Work to be completed: Exactly as they appear below, repeat the lines from the one with "ハンドリフト 2000kg ショートタイプ" through the one with "The Mandalorian Grogu". Drop every picture.

Saved data entries:
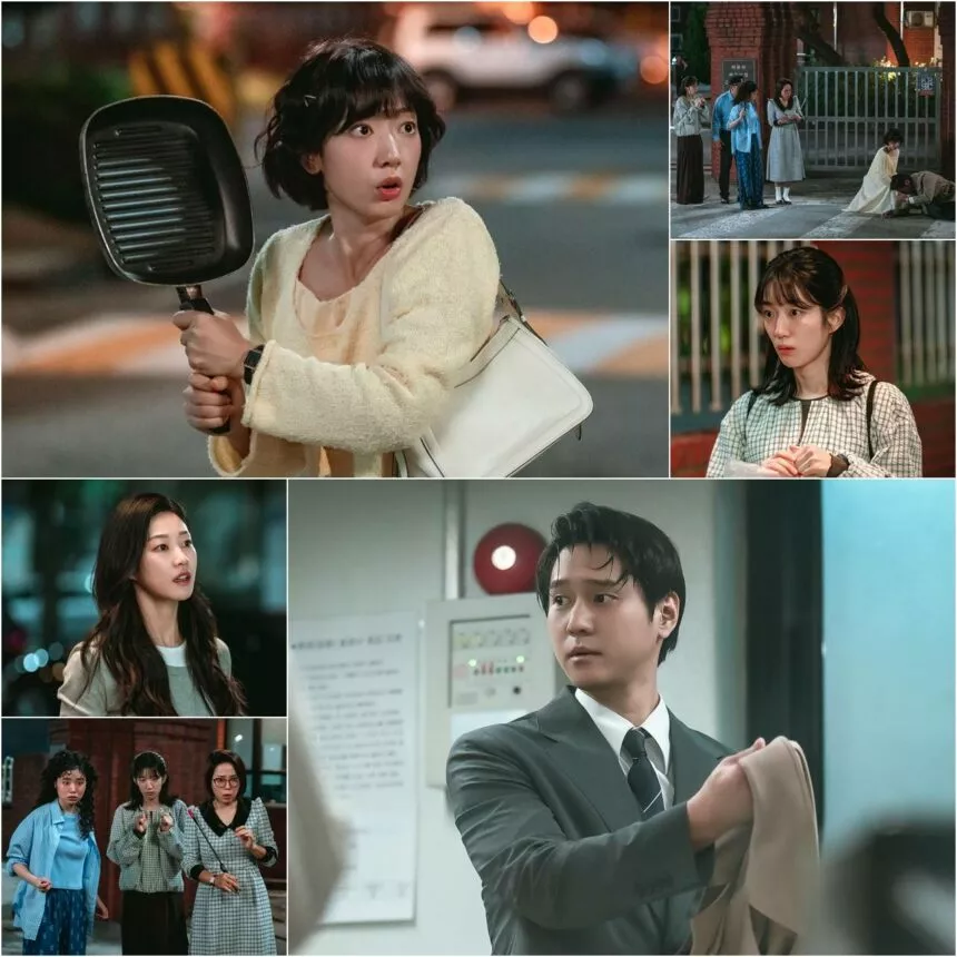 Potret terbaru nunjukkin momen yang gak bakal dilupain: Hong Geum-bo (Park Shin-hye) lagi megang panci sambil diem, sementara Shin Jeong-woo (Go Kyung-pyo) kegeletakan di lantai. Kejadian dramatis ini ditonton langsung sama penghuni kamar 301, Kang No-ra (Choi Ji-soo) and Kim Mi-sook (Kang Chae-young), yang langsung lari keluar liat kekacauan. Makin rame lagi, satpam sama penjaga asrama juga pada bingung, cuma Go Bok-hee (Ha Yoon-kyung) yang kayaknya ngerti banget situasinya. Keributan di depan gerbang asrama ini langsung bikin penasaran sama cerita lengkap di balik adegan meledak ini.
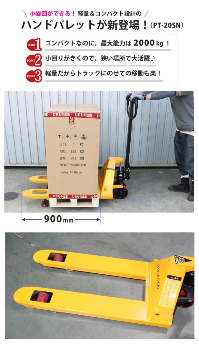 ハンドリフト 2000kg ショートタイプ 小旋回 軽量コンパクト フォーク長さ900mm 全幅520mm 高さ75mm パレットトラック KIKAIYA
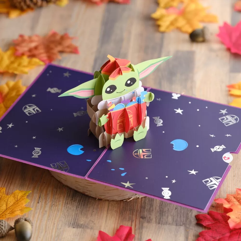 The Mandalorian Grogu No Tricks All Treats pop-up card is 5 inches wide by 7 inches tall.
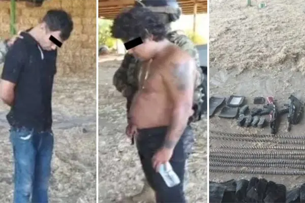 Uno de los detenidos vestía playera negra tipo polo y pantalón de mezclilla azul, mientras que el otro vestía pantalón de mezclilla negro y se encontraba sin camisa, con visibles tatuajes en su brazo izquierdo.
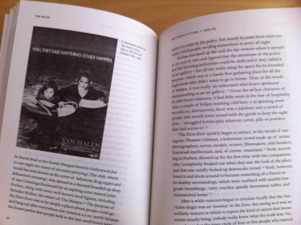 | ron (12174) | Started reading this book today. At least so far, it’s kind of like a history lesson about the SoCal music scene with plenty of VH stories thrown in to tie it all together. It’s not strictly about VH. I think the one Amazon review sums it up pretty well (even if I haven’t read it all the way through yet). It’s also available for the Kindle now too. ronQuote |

Response to this task:
 ハンドリフト 2000kg ショートタイプ 小旋回 軽量コンパクト フォーク長さ900mm 全幅520mm 高さ75mm パレットトラック KIKAIYA
 The Mandalorian Grogu No Tricks All Treats pop-up card is 5 inches wide by 7 inches tall.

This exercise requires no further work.